A Survey on Uncertainty Quantification Methods for Deep Learning

Abstract

Deep neural networks (DNNs) have achieved tremendous success in computer vision, natural language processing, and scientific and engineering domains. However, DNNs can make unexpected, incorrect, yet overconfident predictions, leading to serious consequences in high-stakes applications such as autonomous driving, medical diagnosis, and disaster response. Uncertainty quantification (UQ) estimates the confidence of DNN predictions in addition to their accuracy. In recent years, many UQ methods have been developed for DNNs. It is valuable to systematically categorize these methods and compare their strengths and limitations.
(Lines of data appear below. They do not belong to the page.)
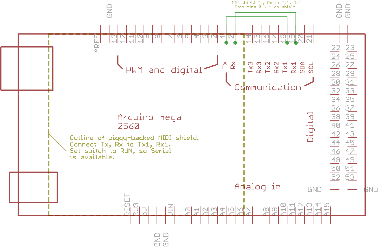 For the moment my application does need a computer to be connected (unless you have a MIDI-merger box), and a computer is useful for sending commands and displaying the results. I've also kept, as an option, the midiTranslator hardware (display and buttons), which can still be used to change channels and reset the Arduino. I had to change the connections to suit the Mega and the MIDI shield. The Arduino has no way of "knowing" whether or not the hardware is connected.
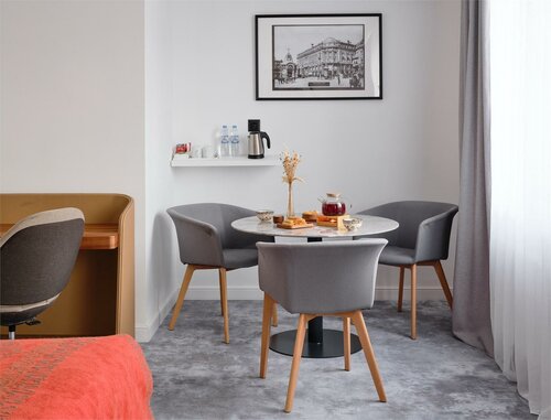 Потрясающий отель, жили сутки с мужем на 10 этаже в 1003 номере. Заселили раньше времени без доплаты (в честь дня рождения мужа), номер чистый, уютный, работает кондиционер, тв, душ, утюг, фен, на ресепшене дали косметические наборы, в номере есть мыло и шампунь. Матрас и подушки-отдельная любовь , аксона. На завтрак был шведский стол (еды много-сырники, яйца, омлет, блинчики, овощи, фрукты, кофемашины, десерты, булочки, разные виды сыров и колбас, мы объелись, завтрак с 7 до 11). Очень советуем отель, от метро Бауманская минут 5-7. Обязательно вернёмся. Спасибо
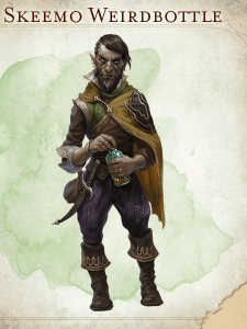 The man is Skeemo Weirdbottle, a shifty apothecary and mage. The party stuffs Elowen’s body into their bag of holding and moves across town to the Trade Ward, and into the pungent, cramped store.
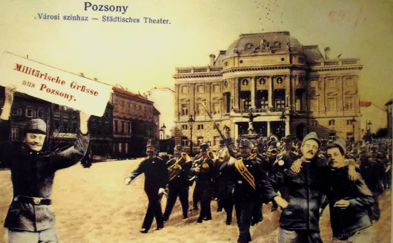 A Steiner utcán (a mai Kereszt utca – Krížna) az elpusztított házak homlokzata mögül egy ma is álló épület kandikál ki – a Ludwig-malom. A Nagyszombati vámon (Trnavské mýto) működő Központi Piacon a különféle lóerőket hasonlíthatjuk össze, nem messze innen, a mai Récsei utcán (Račianska) zajló lakásépítés háttere előtt egy fehérneműt teregető asszony hétköznapjába pillanthatunk be.

Existing surveys mostly categorize UQ methodologies by neural network architecture or Bayesian formulation, while overlooking the uncertainty sources each method addresses, making it difficult to select an appropriate approach in practice. To fill this gap, this paper presents a taxonomy of UQ methods for DNNs based on uncertainty sources (e.g., data versus model uncertainty). We summarize the advantages and disadvantages of each category, and illustrate how UQ can be applied to machine learning problems (e.g., active learning, out-of-distribution robustness, and deep reinforcement learning). We also identify future research directions, including UQ for large language models (LLMs), AI-driven scientific simulations, and deep neural networks with structured outputs.